Molecular dynamics (MD) simulations

The crystal structure of DmC1GalT1-UDP-Mn²⁺-APDT*RP was superimposed with the human B3GNT2-UDP-GlcNAc complex (PDB entry 7JHL), providing the coordinates of the UDP-GlcNAc in an identical location as that found for the UDP bound to DmC1GalT1 (see Fig. 3e illustrating that B3GNT2 and DmC1GalT ligands superimpose very well). Once we generated the DmC1GalT1-UDP-GlcNAc-Mn²⁺-APDT*RP complex, we replaced the UDP-GlcNAc by UDP-Gal resulting in the UDP-Gal-Mn²⁺-APDT*RP complex. The other complexes were generated by mutating and adding or removing the corresponding residues with PyMOL 2.5. The calculations were carried out using AMBER 20 package, which was implemented with ff14SB and GLYCAM06⁶⁵ force fields Each complex was immersed in a water box with a 10 Å buffer of TIP3P water molecules. The system was neutralized by adding explicit counter ions (Na⁺ or Cl⁻). A two-stage geometry optimization approach was performed. The first stage minimizes only the positions of solvent molecules, and the second stage is an unrestrained minimization of all the atoms in the simulation cell. The systems were then gently heated by incrementing the temperature from 0 to 300 K under a constant pressure of 1 atm and periodic boundary conditions. Harmonic restraints of 30 kcal mol⁻¹ were applied to the solute, and the Andersen temperature-coupling scheme was used to control and equalize the temperature. The time step was kept at 1 fs during the heating stages, allowing potential inhomogeneities to self-adjust. Long-range electrostatic effects were modelled using the particle-mesh-Ewald method. An 8 Å cut-off was applied to Lennard-Jones interactions. Each system was equilibrated for 2 ns with a 2 fs time step at a constant volume and temperature of 300 K. Production trajectories were then run for additional 0.5 µs under the same simulation conditions. Adaptively Biased Molecular Dynamics method⁶⁶ implemented in AMBER 20 was used to calculate the free-energy maps for the APDT*RP and APDS*RP glycopeptides in water at 300 K.

Cell culture

All isogenic glycoengineered HEK293 cell lines were cultured in DMEM (Sigma-Aldrich) supplemented with 10% heat-inactivated fetal bovine serum (Sigma-Aldrich) and 2 mM GlutaMAX (Gibco) in a humidified incubator at 37 °C and 5% CO₂.

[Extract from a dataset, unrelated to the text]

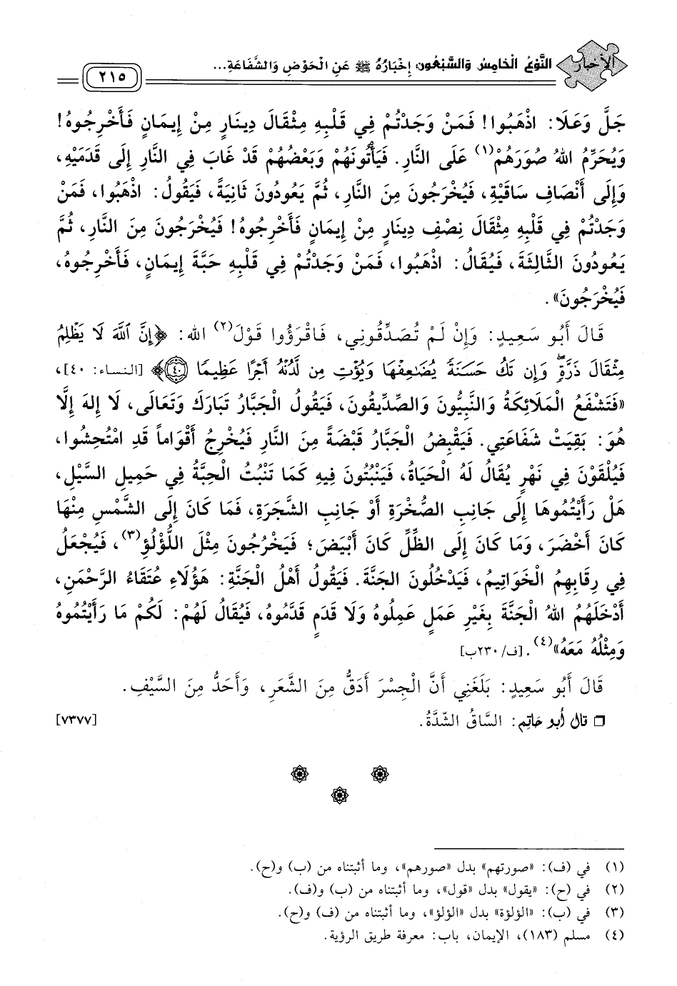 قَالَ أَبُو سَعِيدٍ: وَإِنْ لَمْ تُصَدِّقُونِي فَاقْرَؤُوا قَوْلَ اللهِ: {إِنَّ اللهَ لَا يَظْلِمُ مِثْقَالَ ذَرَّةٍ وَإِنْ تَكُ حَسَنَةً يُضَاعِفْهَا وَيُؤْتِ مِنْ لَدُنْهُ أَجْرًا عَظِيمًا} [النساء: ٤٠]، "فَتَشْفَعُ الْمَلَائِكَةُ وَالنَّبِيُّونَ وَالصِّدِّيقُونَ، فَيَقُولُ الْجَبَّارُ تَبَارَكَ وَتَعَالَى، لَا إِلَهَ إِلَاّ هُوَ: بَقِيَتْ شَفَاعَتِي، فَيَقْبِضُ الْجَبَّارُ قَبْضَةً مِنَ النَّارِ فَيُخْرِجُ أَقْوَامًا قَدِ امْتُحِشُوا، فَيُلْقَوْنَ فِي نَهَرٍ يُقَالُ لَهُ: الْحَيَاةُ، فَيَنْبُتُونَ فِيهِ كَمَا تَنْبُتُ الْحِبَّةُ فِي حَمِيلِ السَّيْلِ، هَلْ رَأَيْتُمُوهَا إِلَى جَانِبِ الصَّخْرَةِ أَوْ جَانِبِ الشَّجَرَةِ، فَمَا كَانَ إِلَى الشَّمْسِ مِنْهَا كَانَ أَخْضَرَ، وَمَا كَانَ إِلَى الظِّلِّ كَانَ أَبْيَضَ، فَيَخْرُجُونَ مِثْلَ اللُّؤْلُؤِ، فَيُجْعَلُ فِي رِقَابِهِمُ الْخَوَاتِيمُ، فَيَدْخُلُونَ الْجَنَّةَ، فَيَقُولُ أَهْلُ الْجَنَّةِ: هَؤُلَاءِ عُتَقَاءُ الرَّحْمَنِ، أَدْخَلَهُمُ اللهُ الْجَنَّةَ بِغَيْرِ عَمَلٍ عَمِلُوهُ وَلَا قَدَمٍ قَدَّمُوهُ، فَيُقَالُ لَهُمْ: لَكُمْ مَا رَأَيْتُمُوهُ وَمِثْلُهُ مَعَهُ".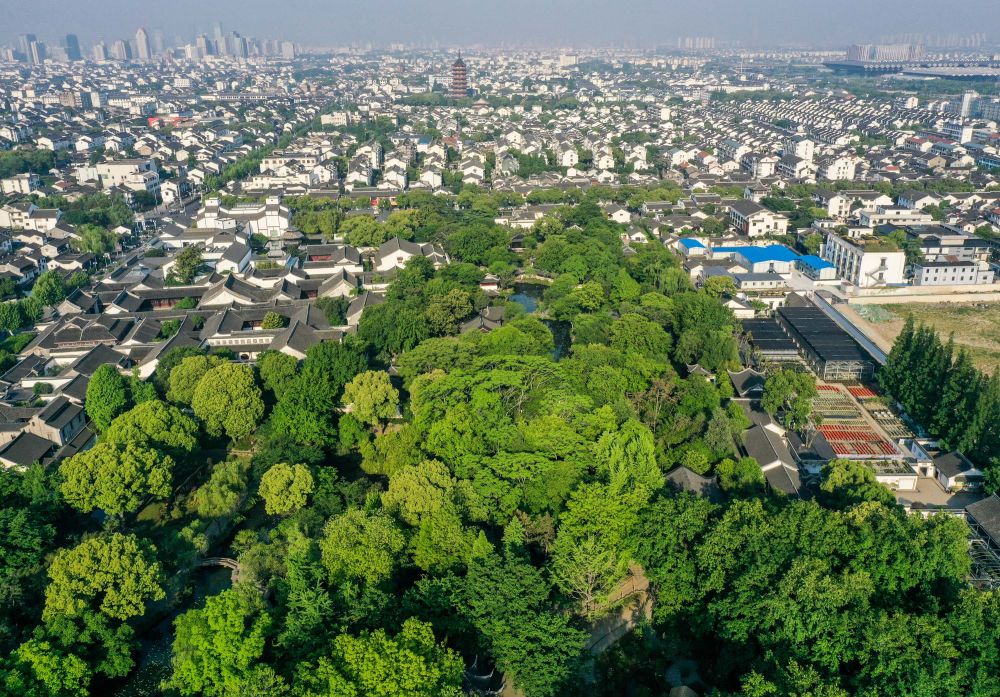 2019年5月9日拍攝的江蘇省蘇州城區(qū)風(fēng)貌(無(wú)人機(jī)照片)。新華社記者 李博 攝

CRISPR/Cas9-targeted KO in HEK293 cells

CRISPR/Cas9 KO was performed using the GlycoCRISPR resource containing validated gRNAs libraries for targeting of all human GTs⁶⁷. In brief, the previously developed HEK293^core1 (KO GCNT1/ST3GAL1/2/ST6GALNAC2/3/4) cells with stable-expression of secreted GFP-MUC1 reporter³⁰ were grown in sixwell plates (NUNC) to ~70% confluency and transfected with 1 µg of gRNA targeting C1GALT1 gene (primer: GTAAAGCAGGGCTACATGAG) and 1 µg of RFP-tagged Cas9-PBKS using lipofectamine 3000 (ThermoFisher Scientific) following the manufacturer’s protocol. Twenty-four-hours post-transfection, cells were bulk-sorted with RFP expression by FACS sorter (SONY SH800). After 1 week of culture, the bulk-sorted cells were further single cell-sorted into 96-well plates. KO clones were screened by Indel Detection by Amplicon Analysis PCR with the primers (forward primer: 5′-CCTGCTGTGGGACTGAAAAC-3′; reverse primer: 5′-TGCATCTCCCCAGTGCTAAG-3′) amplifying gRNA targeting sites and were further verified by Sanger sequencing.

Construction of C1GalT1 enzyme and site-directed mutants

The codon-optimized full coding human C1GALT1 containing a C-terminal Myc-tag was synthesized by Genewiz USA and subcloned into EPB71 vector (Addgene ID 90018) for AAVS1 targeting KI. The site-directed mutagenesis was performed by Genscript with targeting the six candidate amino acid residues (R140, Y201, Y206, D240, W285, and Y310) replaced to Ala.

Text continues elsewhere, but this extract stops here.